Within a marriage both partners need to possess certain qualities for the relationship to be successful. Both partners should be able to accept the other as he or she is and be willing to share and grow with their partner. Each person within the marriage must learn to become unselfish, to not always think of themselves and they must also learn to be generous with their time and affection. Couples may go through a long and sometimes painful process of learning. This may test them which will in turn help to deepen the love they have for each other.
Within a Christian marriage each partner must be faithful to the vows they made during their nuptial ceremony. The couple must work at their marriage to ensure exclusive faithfulness. Extra marital sex violates the promise of faithfulness within marriage. “By its very nature conjugal love requires the inviolable fidelity of the spouses.”(Catechism)
In the case of unmarried people it fails to be a sign of the sacrament. For this reason, the Catholic Church and other Christian groups forbid sexual relations outside marriage. “The fact is that such liaisons can scarcely ensure mutual sincerity and fidelity in a relationship between a man and a woman, nor, especially, can they protect it from inconstancy of desires or whim.”(Catechism)
Some liberal Christians believe sex before marriage is acceptable as long as the couple love each other, they are in long-term relationship and they intend to marry eventually. This idea is based on Jesus’ teachings about love. The Church of England’s Board of responsibility in 1995 “Something to Celebrate” said that cohabiting couples should be welcomed and supported by the Church “recognising that for many this is a step along the way to the fuller commitment of marriage.” These views are similar to those of Quakers and Methodists.

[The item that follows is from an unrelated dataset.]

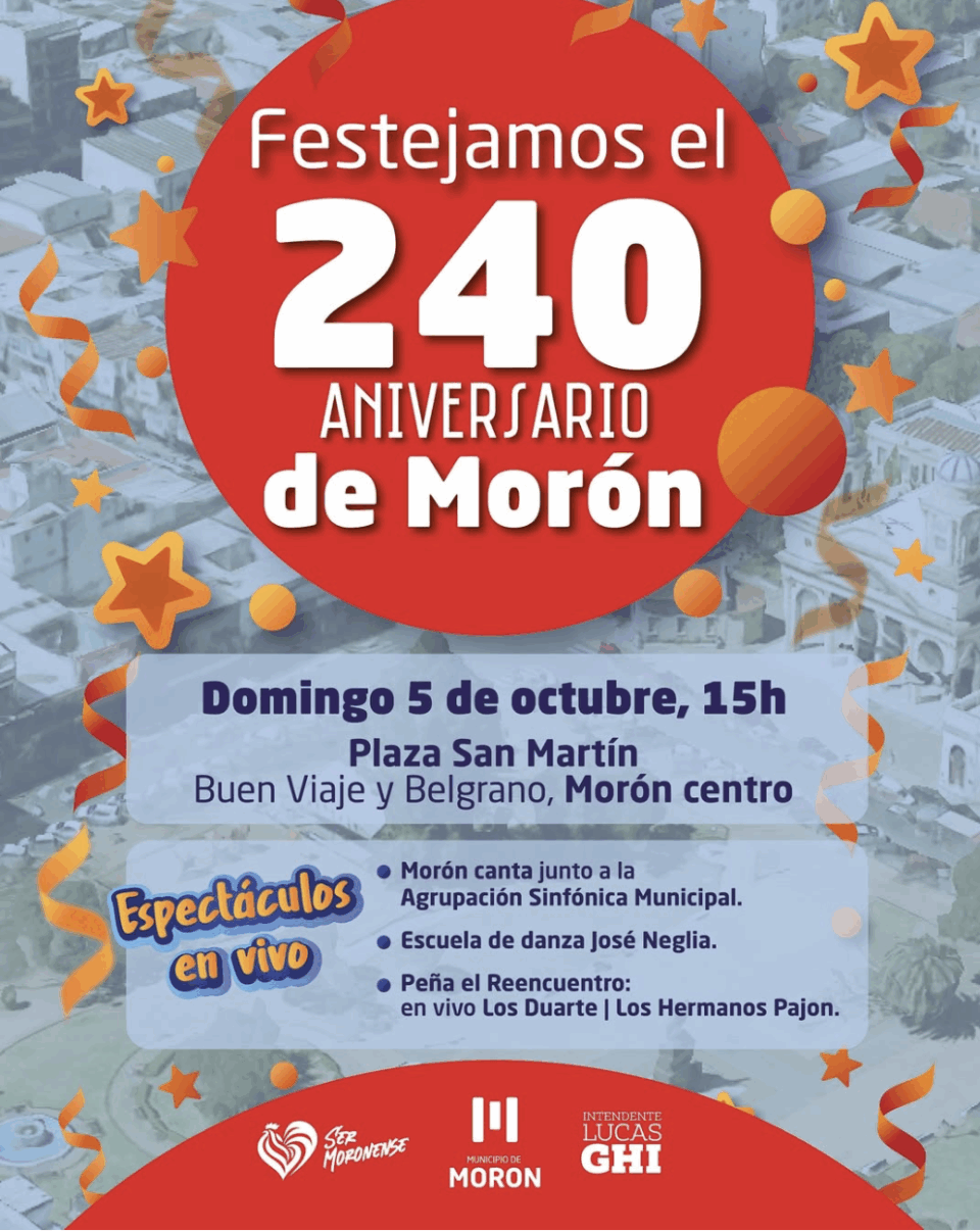 El Municipio de Morón invita a la comunidad a participar de los festejos por el 240º aniversario de la ciudad. El evento será el domingo 5 de octubre, desde las 15 hs, en la Plaza San Martín (Buen Viaje y Belgrano, Morón centro).

In the Catholic Church marriage is considered to be pro-creative. In living out their vows Roman Catholics need to think about responsible parenthood. Birth control is part of a Catholic Marriage. The Catholic Church objects to all ‘unnatural’ forms of contraception. “Contraception is considered a sin as it adds an artificial element to a natural, loving act, and in doing so it removes God from the act of procreation.”(). The Church encourages only natural family planning; “These methods respect the bodies of the spouses, encourage tenderness between them and favour the education of an authentic freedom.” (Catechism). The Catholic couple also have a responsibility to give their children spiritual guidance. This can include bringing them to mass and praying with them. They also have the responsibility of teaching their children to become good Christians.
In a Christian marriage the couple should remember that their love affects all those around them including their family and the wider community. It should be a two way ministry between the couple and the community. To do this the couple must make an effort to get involved in different aspects of the community. This may include bringing children to mass and contributing to community life. A couple may also share problems and experiences with other members of the community, offering advice and support. They may also support any projects taking place within the parish and offer support to the local priest. In committing themselves to each other a married couple form a new community in society. However, circumstances can threaten this commitment. A couple may be faced with unemployment, poverty and a lack of the ability to communicate.
The love between a husband and wife is a life-giving love. It flows outwards and for most couples this is seen in parenthood. As a married couple they must follow the vocation God has given them. This includes helping any children they might have to grow as God would want them to. A couple’s love should be outgoing and extend beyond the family itself to the wider community. However, it is very difficult to live out the marriage vows in today’s world. We now live in a society obsessed by materialistic things and sometimes couples are not prepared to spend time working on a marriage. They may give up without trying to resolve issues with their partner. Married couples breakdown for many different reasons. One or both of the partners may be too focused on their career and in turn may not spend enough time building up a marital relationship. One or more of the partners may commit adultery and trust may be lost between the couple. They may find it hard to forgive their spouse and this can lead to the breakdown of a marriage.
For many different reasons a couple may find the only answer is divorce. Protestant Churches believe divorce may occur if a marriage goes wrong and there is no chance of bringing a couple back together. God is always prepared to forgive if we are determined to live a new life. Orthodox Christians accept divorce and can remarry but they will not be given a full marriage ceremony. The Church of England will accept divorce but will not officially remarry divorced people. The Catholic Church does not recognise divorce, “Divorce is a grave offence against the natural law. It claims to break the contract, to which spouses freely consented, to live with each other till death.” (Catechism)
However the Catholic Church does recognise annulments. This is a cancellation of marriage and a declaration that marriage never took place. Unlike divorce which says a marriage has broken down, an annulment claims there was no real marriage to begin with. There are several reasons when annulment may take place, such as: one of the couple did not understand the vows, one or both of the couple was forced to marry or one or both never intended to remain faithful.
These teachings do affect a couple’s life. Not only do the couple have to think of themselves but of the wider community and the children they might have. They have the responsibility to live how God wants them and fulfil their vocation in marriage.